LitLink

This is a course blog for the members of EH236 at the University of South Alabama, Spring 2006.

Wednesday, February 08, 2006

My Knowledge of Slavery

Even though European Nations were among the first countries that indulged in slave trading, one does not learn a lot about it in school there. It was very difficult when I moved from Europe to the United States in 1998 to adapt to the culture and the racial issues. I wasn’t brought up to look at skin color as a way to judge someone’s character. It was strange to me that white people that lived in Mobile, still had the perspective on black people as if they were nothing and vice versa. When we started reading “Equiano”, I was surprised how little I knew about the slave trade and what brutalities these societies had gone through. I was determined to read the story and educate myself.

When Equiano starts his story he gives you a sense of comfort. He tells you that he’s not writing it because he wants pity, but rather because it’s important that the story be told. Once he stared talking about being taken away from his family, but especially being separated from his sister, I had to stop for a minute and take a deep breath.

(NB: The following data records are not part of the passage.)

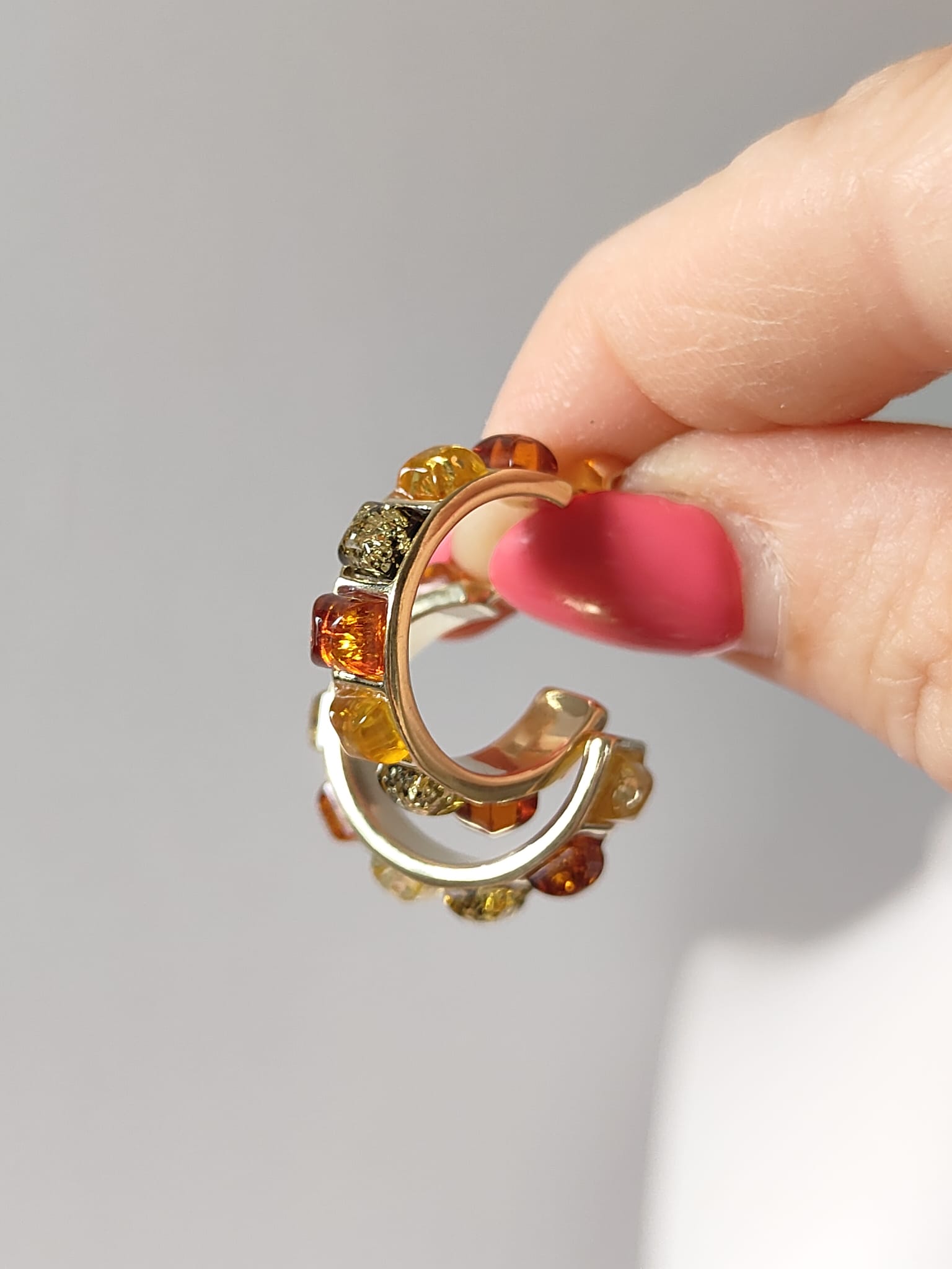 Gli orecchini ambra multicolore sono un gioiello di rara eleganza, pensato per chi cerca un accessorio esclusivo capace di fondere naturalezza e raffinatezza. Realizzati in argento 925 placcato oro, presentano una struttura a cerchio che dona armonia al design e valorizza la luce delle pietre incastonate. Questo esemplare unico porta con sé tutta la magia e il fascino dell’ambra, una gemma che da secoli incanta per i suoi riflessi caldi e luminosi.
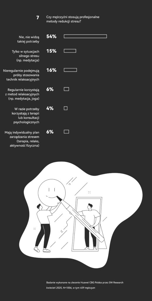 Niestety, wyniki badania Huawei CBG Polska nie są aż tak jednoznacznie pozytywne. Okazuje się bowiem, że aż 54% mężczyzn nie stosuje żadnych profesjonalnych metod redukcji stresu. Wśród najczęściej udzielanych odpowiedzi na pytanie o to, dlaczego, znalazło się stwierdzenie: nie odczuwam takiej potrzeby.
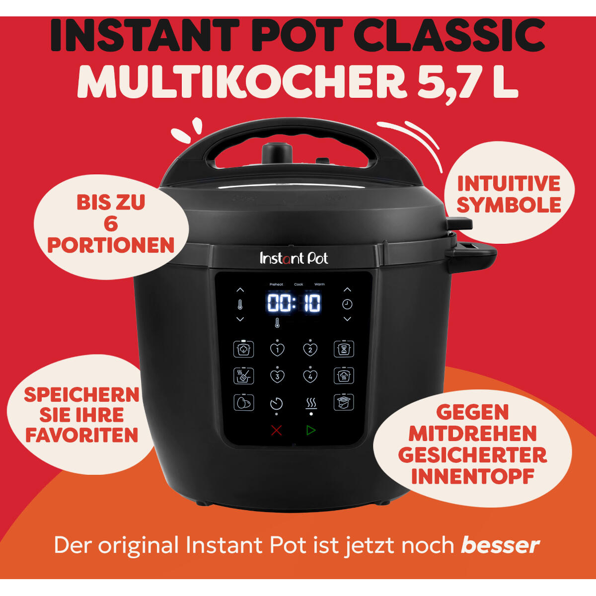 - 7-in-1-Funktionalität : Der Instant Pot 5,7-l-Multikocher (RIO) ist ein Alleskönner mit Schnellkochtopf, Bratpfanne, Schongarer, Dämpfen, Joghurt-, Eier- und Warmhaltefunktion. Egal, ob Sie eine schnelle Mahlzeit unter der Woche oder ein Abendessen mit der Familie planen, der Instant Pot 5,7 l Multicooker (RIO) ist für Sie da.
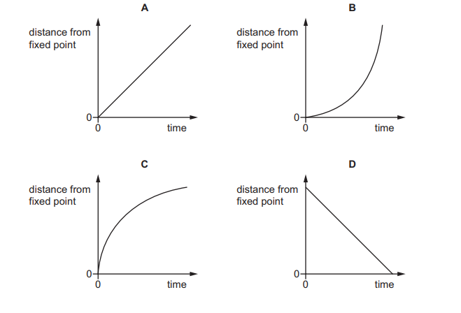Four objects are moving along a straight line. The distance of each object from a fixed point on the line is plotted against time. Which object is decelerating?
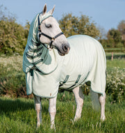 Top to tail protection, Horseware's premium XL hoody summer sheet acts as a barrier to protect your horse from summer skin irritations, flies and UV rays. Made from robust close woven 1000D polyester to prevent irritation from even the smallest of flies whilst offering UV protection. The unique material is super soft, comfortable and made to last for many seasons. The integrated neck cover fits over the ears for maximum coverage.
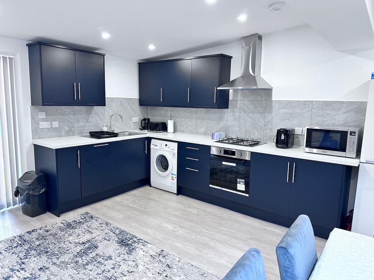 Unabhängige Luxus-Wohnung in einer umgebauten privaten Scheune in ruhiger Parklandschaft, nur 10 Gehminuten vom Bahnhof entfernt. Komfortabler, luxuriöser und offener Wohnraum und Balkon mit Aussicht. Ein Zuhause-von-Zuhause-Erlebnis mit einer voll ausgestatteten großen Küche, Waschmaschine/Trockner, Nespresso-Kaffeemaschine, großem Flachbild-TV, Playstation, schnellem WLAN – perfekt für eine Geschäftsperson oder ein Paar. Großes separates Schlafzimmer und Duschraum. Einfache Parkplätze zusammen mit deinem eigenen Innenhof mit Sitzgelegenheiten und Tisch.
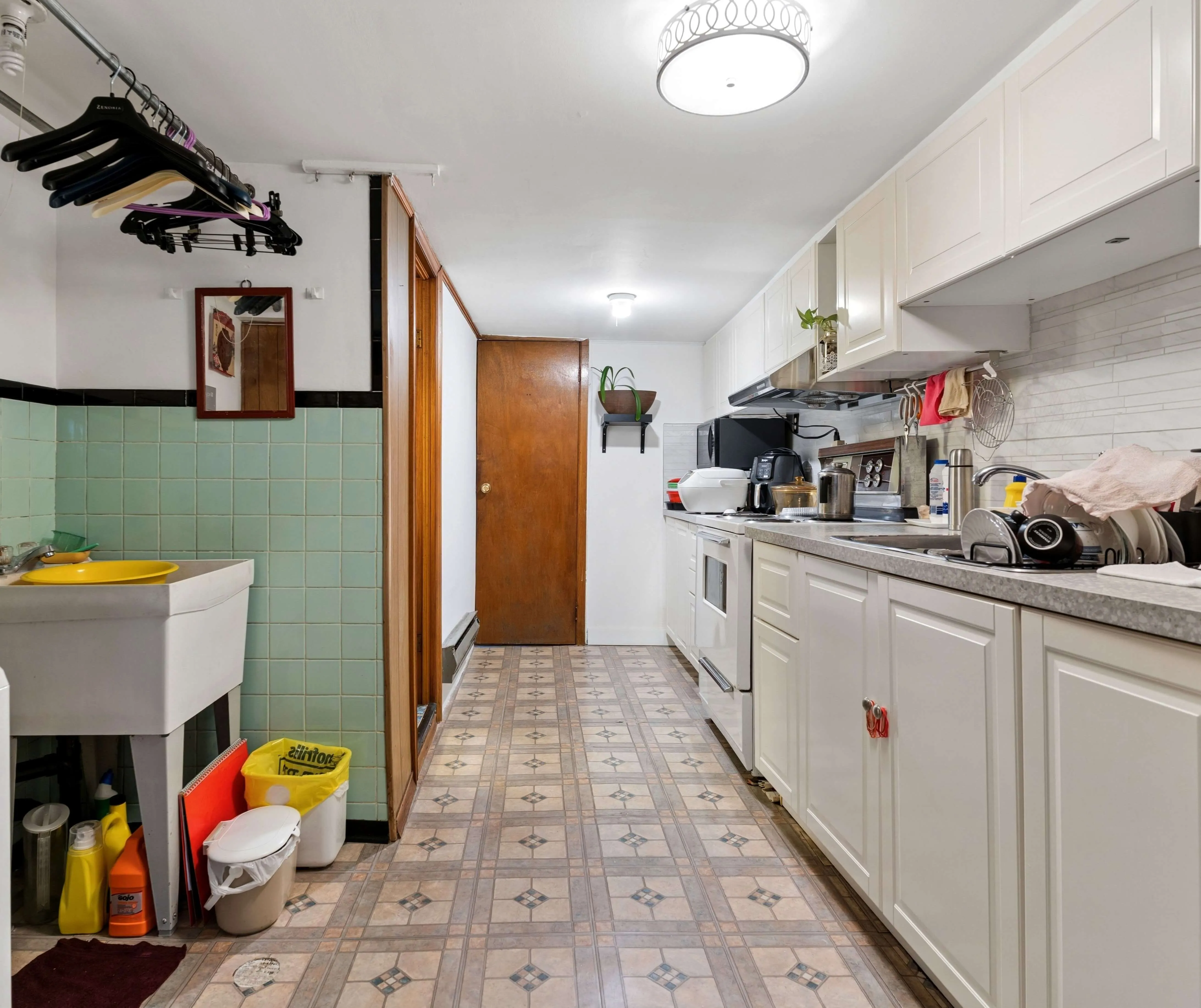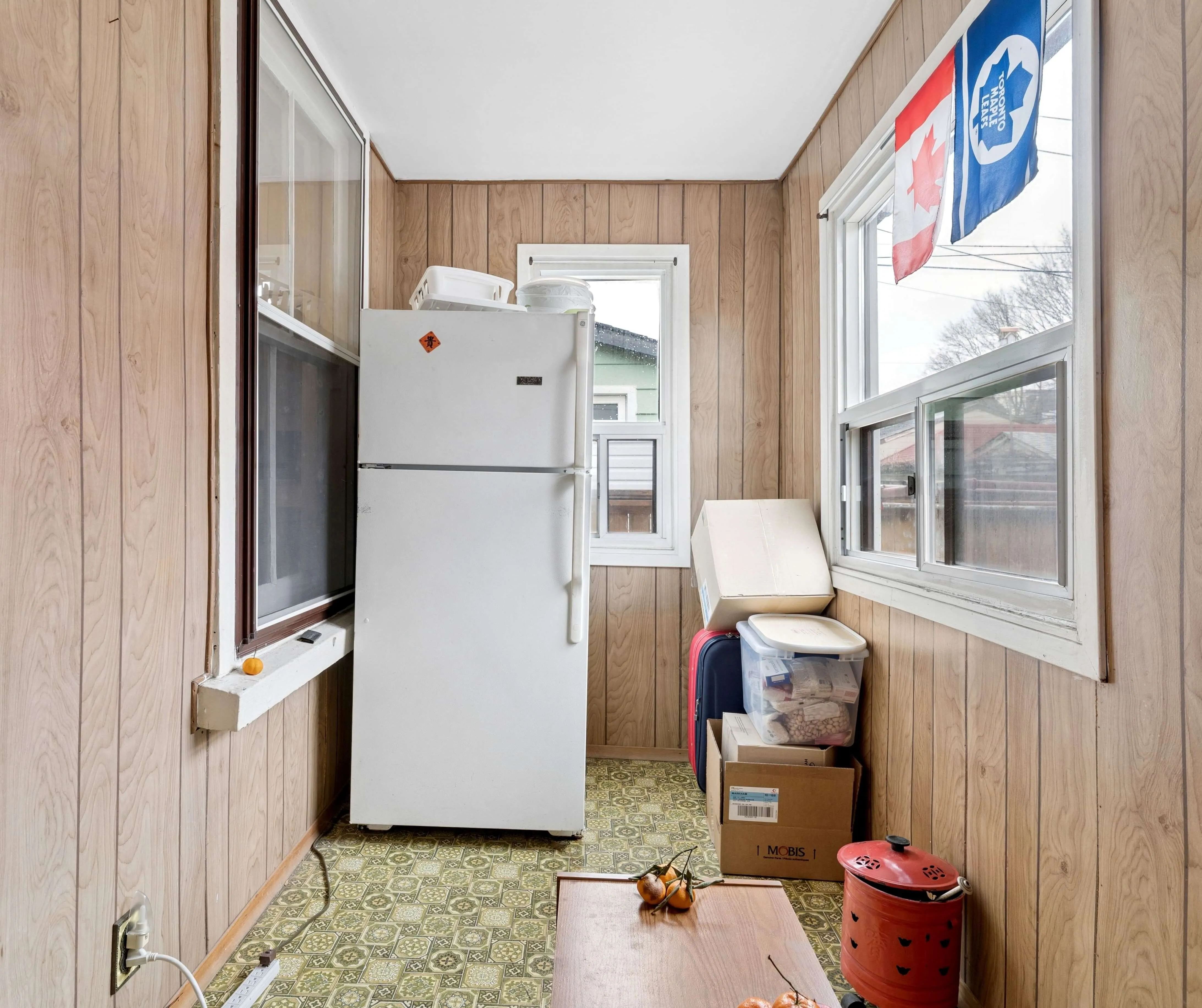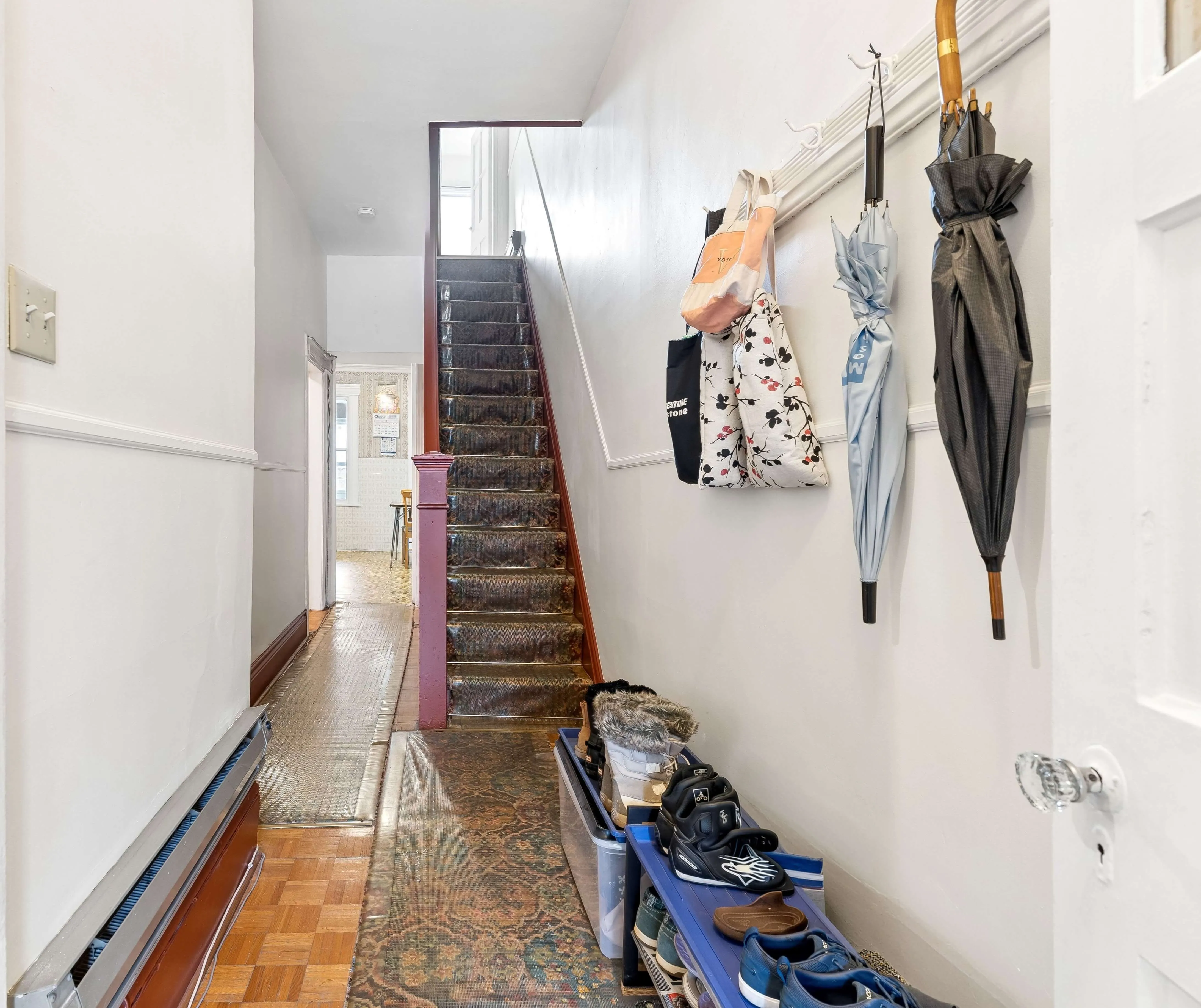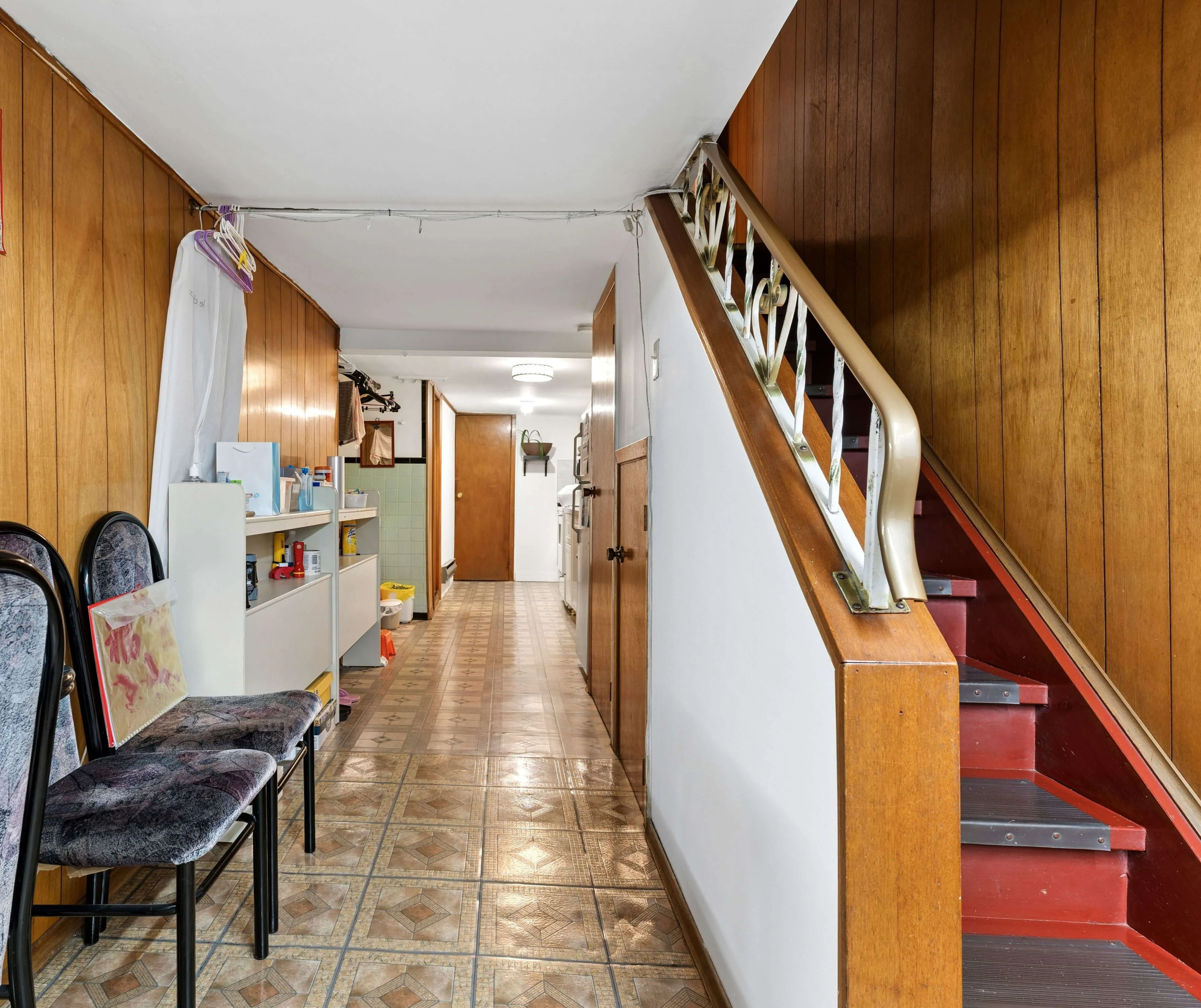 Between the living area and kitchen, a main floor room works naturally as a dining space or guest room. Upstairs, a secondary room at the top of the stairs adds flexibility, well suited as a home office, reading area, or quiet place to step away.

I couldn’t believe that families were separated and children raised without mothers. I could never imagine being without my family. The more I read, the less I liked humans. To think that humans would do such acts against other humans is frightening. The story went on to talk about his adventures on different ships and under different masters. He describes how some slaves were flogged to death for disobedience. He also goes on to say that he tried to escape but there was no where to go and if he committed suicide he would he punished in the after life. This answers both questions that I had prior to this reading of why slaves were held captive and not set free. It’s because deep down they had no choice but to obey the “White Man.” They had nowhere to go and no one to speak up for them. They were traded as if they were animals. At some point Equiano points out that slaves were put on a scale and sold by weight. Slave women were viewed as objects of the white man’s desire. They were mistreated and used for sexual favors. And if they told their husbands, it only caused more suffering because there was nothing either one could do about it.

I started to wonder why Europeans didn’t like to talk about slaves in history books and in class rooms. The only conclusion that I could come up with is that it was too painful for their nation to see what kind of injustice they had done. Europeans should acknowledge their part in the slave trade and teach it to youth of their countries. It is very important to know what humans are capable of. I gat a one on one education thru Equiano and I was embarrassed to say that I didn’t know much about slavery before this story.

1 Comments:

Blogger Justin said...

Nice juxtaposition between past and present racial issues.

"He also goes on to say that he tried to escape but there was no where to go and if he committed suicide he would he punished in the after life."

Yes. That was truly a demoralizing position. The slaves were indeed in a catch-22. There was no easy escape to be found. The road to freedom was just as dangerous as the road into slavery.